_Assignment_
This exercise calls for an exact copy of the listing, with no pictures kept.

+++

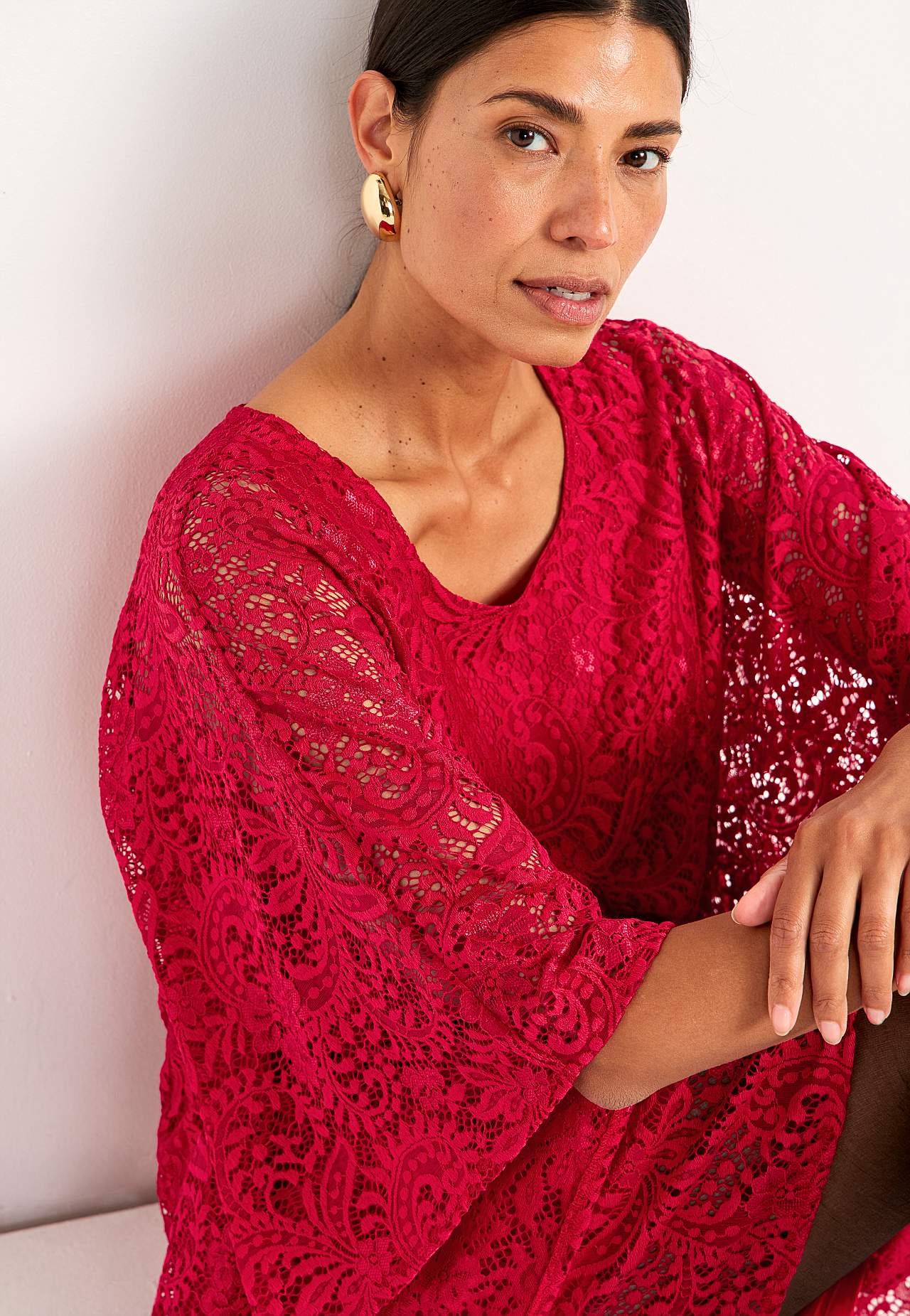 Ilmava kaftaanimalli joustolla. Joustava jerseyvuori tiukalla istuvuudella. Malli pyöreällä kaulalla. Leveät, puolipitkät, vuoraamattomat hihat. Takapituus koon mukaan n. 94-106 cm.
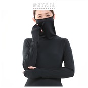 タートルネック レディース 暖 通販 秋冬 カットソー インナー ブラック 大きなサイズ m l 2l 3l サイズ 防寒 マスク シンプル フェイスカバー付き 長袖 カットソー ハイネック 暖かい シンプル 黒 トップス ブランド ポカリ
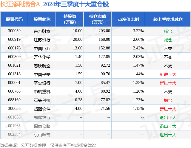 证券之星消息,日前长江添利混合A基金公布三季报,2024年三季度最新规模0.23亿元,季度净值涨幅为6.23%。
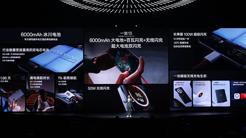 2024 年,一加以「冰川电池」开启了手机的长续航时代。一加 13 续航体验再进化,带来 6000mAh 超大容量「冰川电池」,DOU 续航达到 1.96 天,即使 1% 应急电量也可支持最长 13 小时超长待机。一加 13 冰川电池基于新一代球型硅碳以及蜂巢仿生结构打造,能量密度达到行业领先的 805Wh/L,这让一加 13 在拥有大电池容量的同时还能保证轻薄手感,同时得益于行业领先的电池工艺技术以及硅碳负极电池健康算法,一加 13 还实现了电池的久用耐用,使用寿命更长。
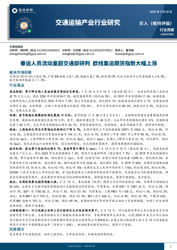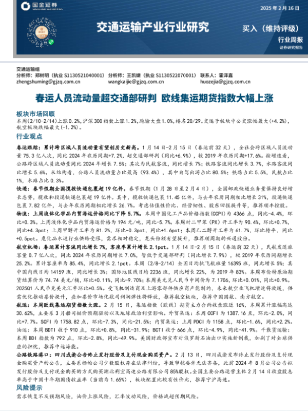 【国金证券】【20250216】交通运输产业行业研究:春运人员流动量超交通部研判 欧线集运期货指数大幅上涨-17页
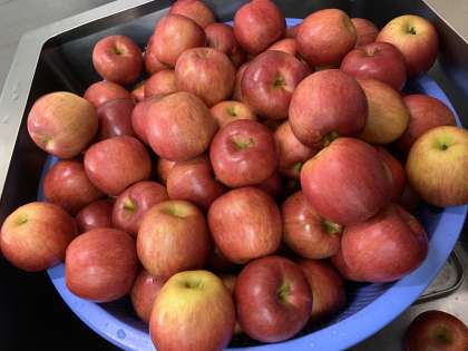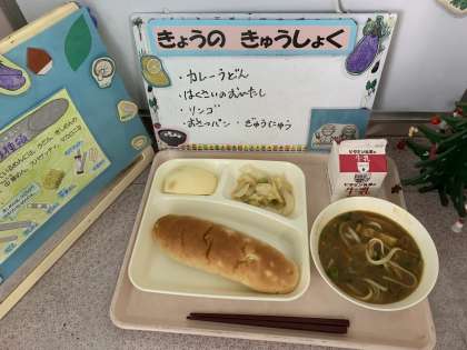カレーうどん、はくさいのおひたし、りんご、おさつパン、牛乳

+++

_Solution to this exercise_
 Ilmava kaftaanimalli joustolla. Joustava jerseyvuori tiukalla istuvuudella. Malli pyöreällä kaulalla. Leveät, puolipitkät, vuoraamattomat hihat. Takapituus koon mukaan n. 94-106 cm.
 タートルネック レディース 暖 通販 秋冬 カットソー インナー ブラック 大きなサイズ m l 2l 3l サイズ 防寒 マスク シンプル フェイスカバー付き 長袖 カットソー ハイネック 暖かい シンプル 黒 トップス ブランド ポカリ
 证券之星消息,日前长江添利混合A基金公布三季报,2024年三季度最新规模0.23亿元,季度净值涨幅为6.23%。
 2024 年,一加以「冰川电池」开启了手机的长续航时代。一加 13 续航体验再进化,带来 6000mAh 超大容量「冰川电池」,DOU 续航达到 1.96 天,即使 1% 应急电量也可支持最长 13 小时超长待机。一加 13 冰川电池基于新一代球型硅碳以及蜂巢仿生结构打造,能量密度达到行业领先的 805Wh/L,这让一加 13 在拥有大电池容量的同时还能保证轻薄手感,同时得益于行业领先的电池工艺技术以及硅碳负极电池健康算法,一加 13 还实现了电池的久用耐用,使用寿命更长。
 【国金证券】【20250216】交通运输产业行业研究:春运人员流动量超交通部研判 欧线集运期货指数大幅上涨-17页
カレーうどん、はくさいのおひたし、りんご、おさつパン、牛乳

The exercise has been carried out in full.